WHAT TO WORK ON> Copy only what lies from the line containing "El jefe de artesanía" through the line containing "جنساستیل ضد زنگقیچیداردساطورداردچاقوی" in the entries below, keeping both end lines exact and dropping every picture.

SUPPLIED RECORDS>
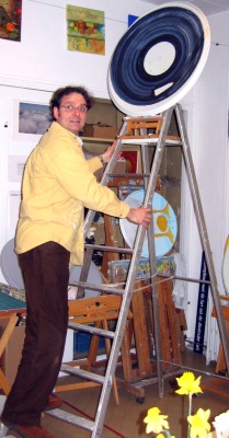 Maintenant, c'est parti pour de bon, sur des paraboles préparées spécialement pour nous en ateliers de carrossiers et garages locaux (Citroën à Gisors et Paul à Bordeaux-Saint Clair) pour permettre un meilleur accrochage de la peinture acrylique. En cours de route, autres essais encore, de plus en plus haut. A suivre..... |
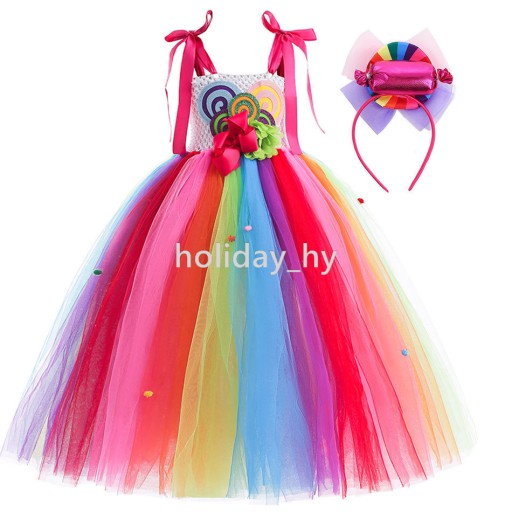 Випадок Маленькі дівчатка Candy Land Rainbow Tutu Princess Birthday Halloween Christmas Party Candy Costume Sugar Headband, Custom Made Colorful Candy Dress, Perfect Candy Land Theme Party, Candy Rainbow Face Dress, Halloween, Carnival, Birthday Gift, Three Birthday Boiling, rick or treat, одягатися, косплей, різдво, косплей, сценічне шоу, фотографія, конкурс, перша вечірка, танець, весільний прийом
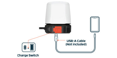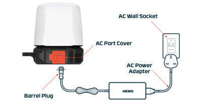 1. Connect the relevant Power Adapter cable to the Power Transformer (included). Open the AC port cover and plug the barrel plug into the AC Charging Port on the light. Charging will begin automatically.
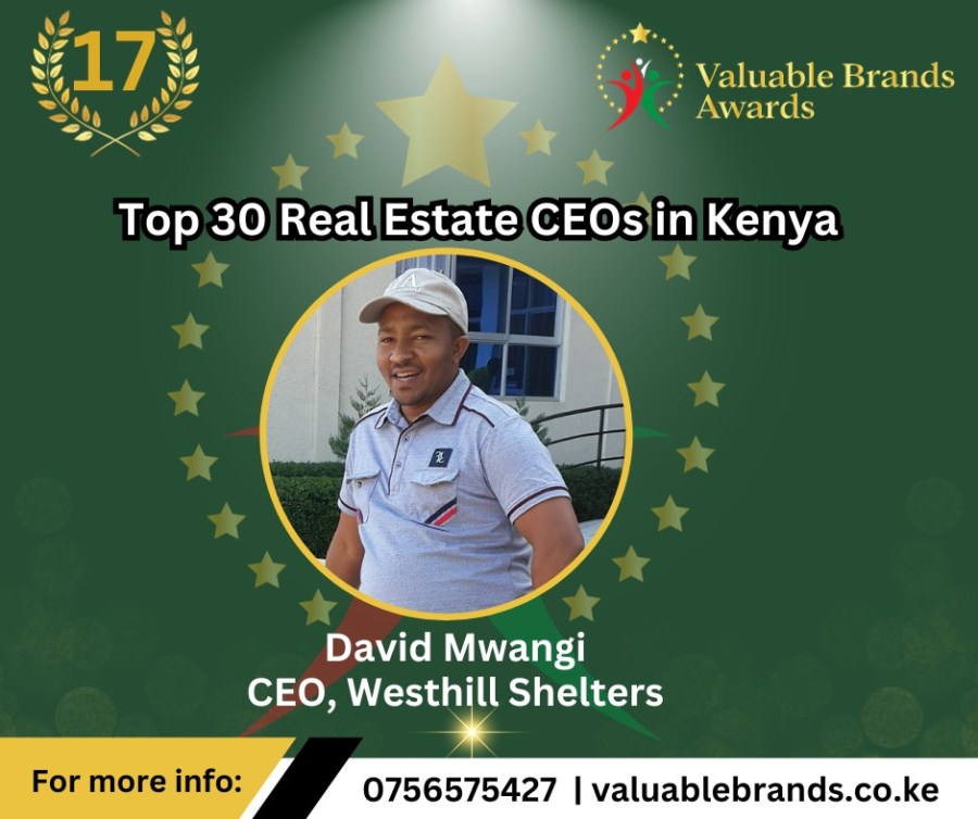 David Mwangi is the Chief Executive Officer of Westhill Shelters Ltd, a real estate company based in Nairobi with land projects in Juja Farm, Ruiru among other locations.
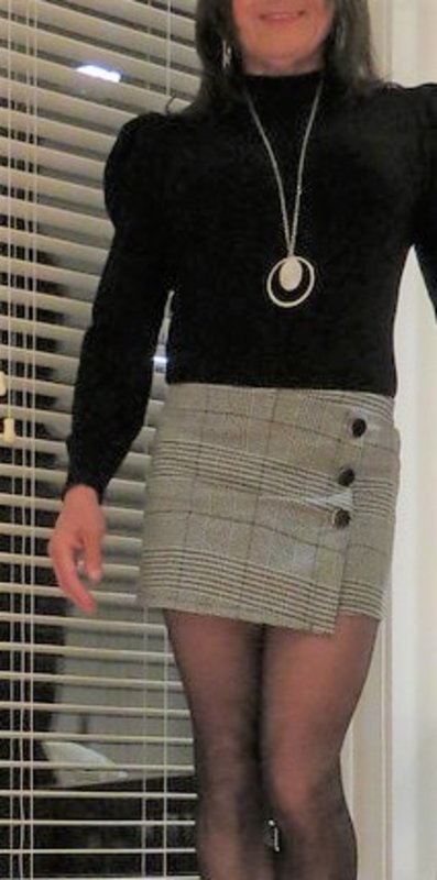 Once home I showered, gave myself an enema, and got dressed for my morning appointments. It was much cooler than yesterday so I chose a long sleeve black sweater with puffy shoulders, a black and white short herringbone skirt, black thigh high stockings and my red high heel pumps. My lingerie choice was matching black thong gaffe and bra. My first stop was the DMV to get my Massachusetts Driver’s License. I was surprised how easy it was, the agent did not question anything when I showed my Connecticut license and my proof of residency in Massachusetts. My photo was taken as Cassie and I was issued a temporary license and my new one should arrive within two weeks.
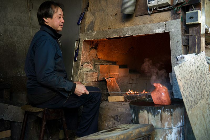 El jefe de artesanía Tamagawa ejecuta el proceso de yakinamashi.
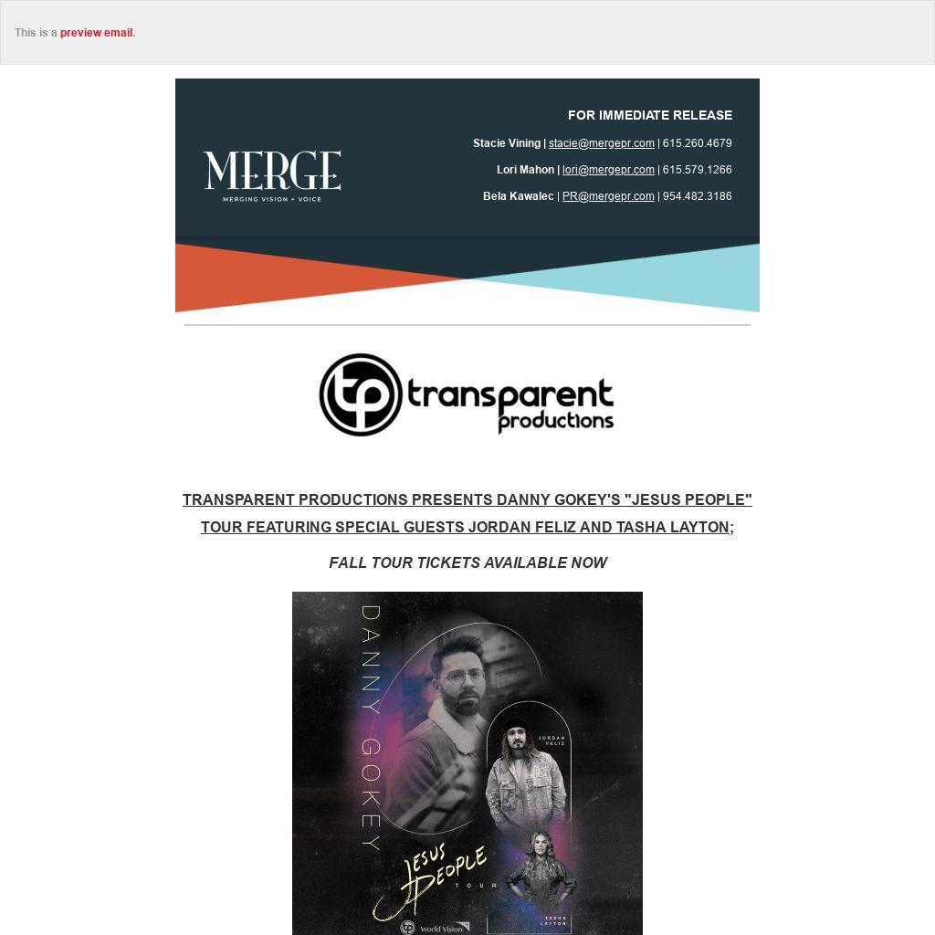 TRANSPARENT PRODUCTIONS PRESENTS DANNY GOKEY'S "JESUS PEOPLE" TOUR FEATURING SPECIAL GUESTS JORDAN FELIZ AND TASHA LAYTON;
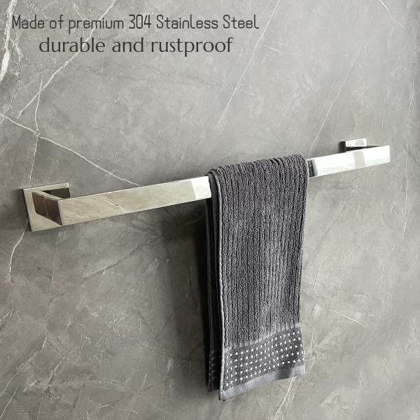 Bathroom towel bars Brushed silve, Stainless Steel Towel Rack Wall Mounted, Modern Square Towel Holder Towel Rod
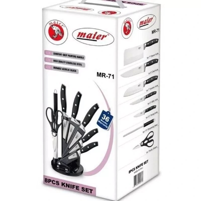 جنساستیل ضد زنگقیچیداردساطورداردچاقوی سرآشپزداردپایه نگه دارندهداردچاقو برش نانداردچاقو در چند سایزدارد
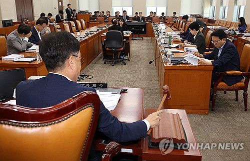 (서울=연합뉴스) 김주형 기자 = 9일 국회에서 열린 행정안전위원회 법안심사제2소위원회에서 국민의힘 소속 서범수 소위원장이 의사봉을 두드리고 있다. 2025.7.9
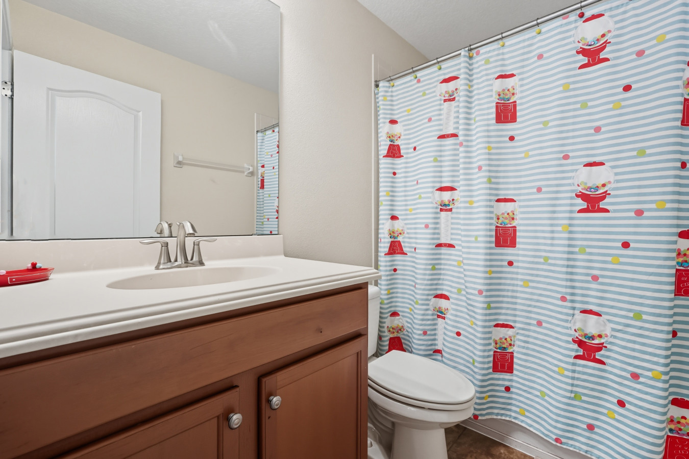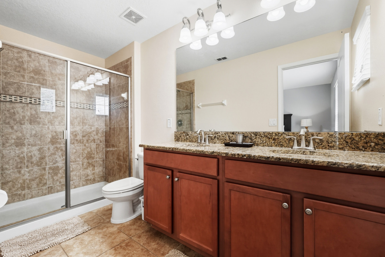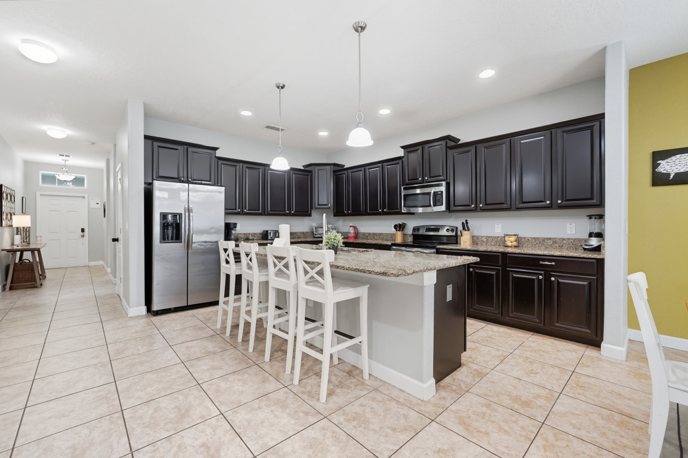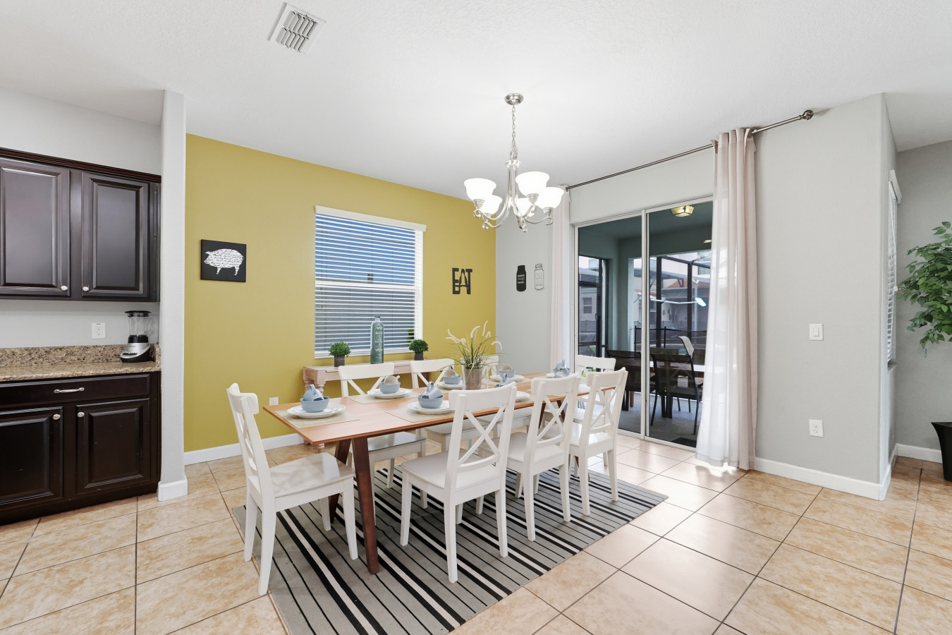 When it’s time to rest, you’ll love the master bedroom with a king bed and en suite bathroom featuring both a tub and a standing shower, a luxurious way to begin or end the day. The other bedrooms are generously sized: two queen bedrooms, and two bedrooms each with two full beds, plus one more queen room, ideal for kids, friends, or extended family. Outside, the private screened pool and outdoor seating make for perfect afternoons or evenings under the Florida skies.
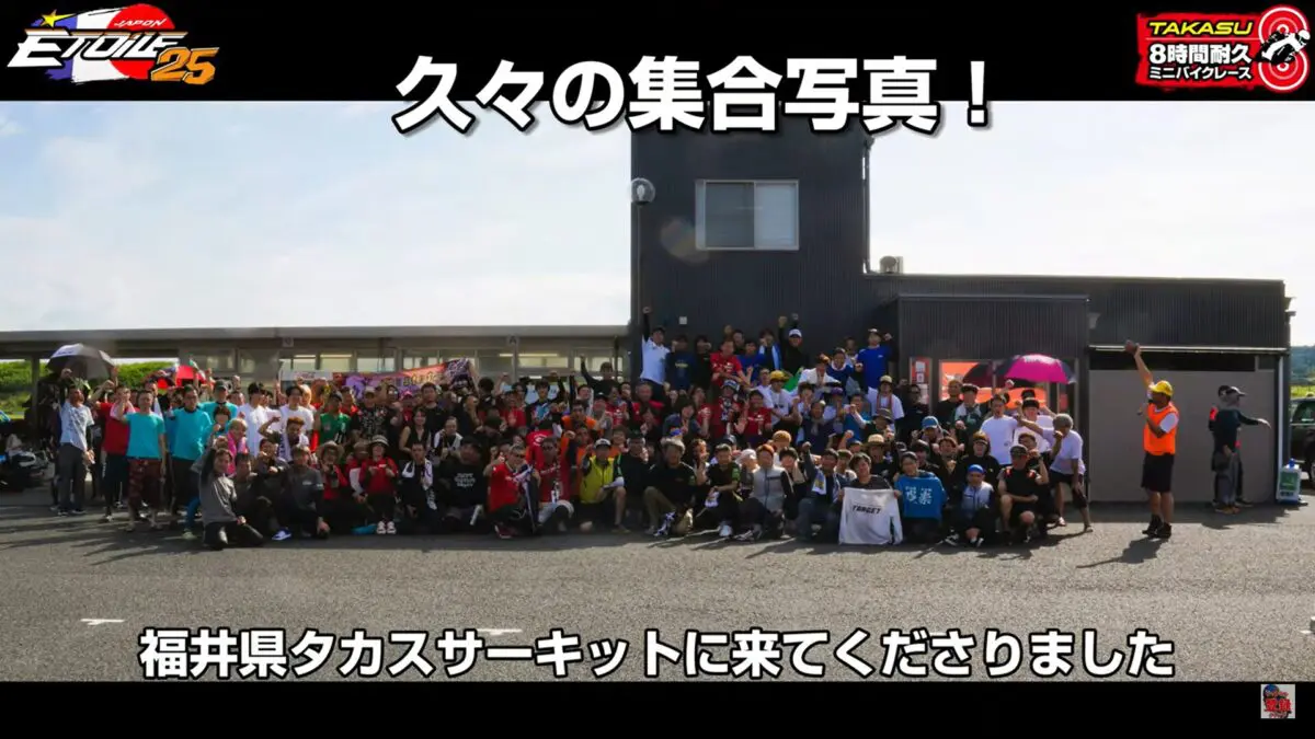 HBFこと北陸バイクフェスティバルは2024年に51回目を迎え、9年目となるエトワールタカスミニバイク8時間耐久レースを開催しました。昨年からタカスサーキットは音量が厳しく規制されましたが、24年も引き続き規制を受けた開催となりました。それにより参加台数が減ることが懸念されていましたが、すぐにエントリー募集定員数に到達。全国はもちろん香港からも含め、約200名のライダーが参加しました。
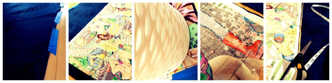 - Lay out your back fabric RIGHT SIDE UP on a very large table or hard surface (floor). Tape it down on all four sides, pulling it nice and taught, smoothing out all wrinkles.
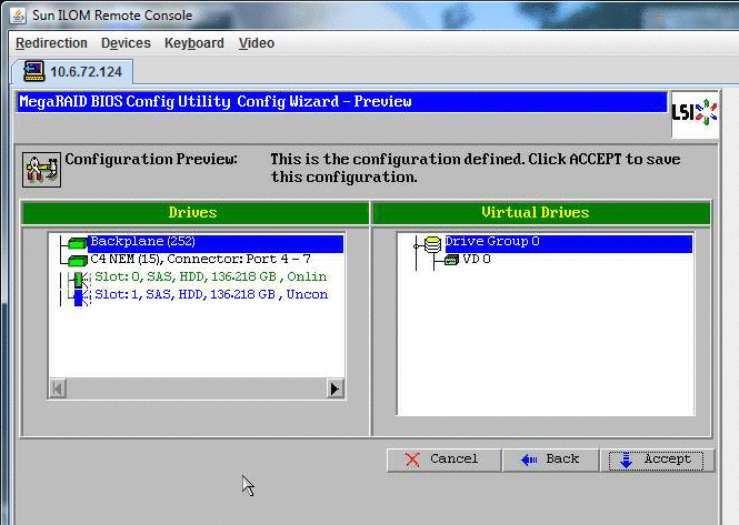 选择 "Automatic Configuration" 将创建一个包含系统中所有硬盘驱动器的虚拟驱动器。多个驱动器被配置为一个条带集 (RAID0),并显示为一个具有组合存储空间的虚拟驱动器。由于可能出现多点故障,因此这样也许并不可取。即,如果一个驱动器出现故障,系统就不会进行引导。此时,您只能保留一个驱动器,删除所有其他驱动器。或者,您可以使用 "Manual Configuration" 创建仅使用一个硬盘驱动器的虚拟驱动器。
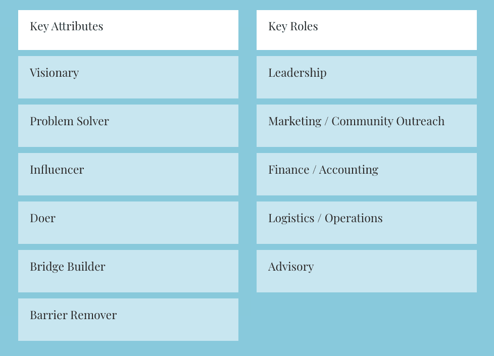 Other factors to consider as you build your team are the members’ personal strengths, work experience, networks, and leadership styles. There will be plenty of work to do, so a team with only leaders and without implementers could stall. Think about how to ensure that all the following attributes and roles are covered as you recruit members to your team.
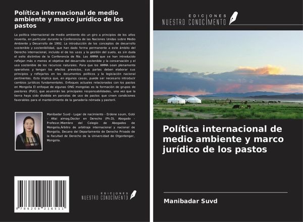 La política internacional de medio ambiente dio un giro a principios de los años noventa, en particular durante la Conferencia de las Naciones Unidas sobre Medio Ambiente y Desarrollo de 1992. La introducción de los conceptos de desarrollo sostenible y sostenibilidad, que han dado forma permanente a este ámbito del Derecho internacional, incluido el de los usos y la gestión del suelo, es sin duda el sello distintivo de la Conferencia de Río. Los AMMA que se han introducido reflejan más o menos el objetivo del desarrollo sostenible y la conservación y el uso sostenible de los recursos naturales. Para que los AMMA sean plenamente operativos y tengan los efectos previstos, sus partes deben elaborar sus principios y reflejarlos en los documentos políticos y la legislación nacional pertinentes. Esto implica que, en algunos casos, puede ser necesario introducir cambios jurídicos fundamentales. Enfoques actuales relacionados con los pastos en Mongolia El enfoque de algunas ONG mongolas es la formación de grupos de pastores (PUG), que asumirán las principales responsabilidades, una vez que la tierra haya sido dividida en parcelas de uso de pastos que creen condiciones favorables para el mantenimiento de la ganadería nómada y pastoril.

ANSWER BOX>
 El jefe de artesanía Tamagawa ejecuta el proceso de yakinamashi.
 TRANSPARENT PRODUCTIONS PRESENTS DANNY GOKEY'S "JESUS PEOPLE" TOUR FEATURING SPECIAL GUESTS JORDAN FELIZ AND TASHA LAYTON;
 Bathroom towel bars Brushed silve, Stainless Steel Towel Rack Wall Mounted, Modern Square Towel Holder Towel Rod
 جنساستیل ضد زنگقیچیداردساطورداردچاقوی سرآشپزداردپایه نگه دارندهداردچاقو برش نانداردچاقو در چند سایزدارد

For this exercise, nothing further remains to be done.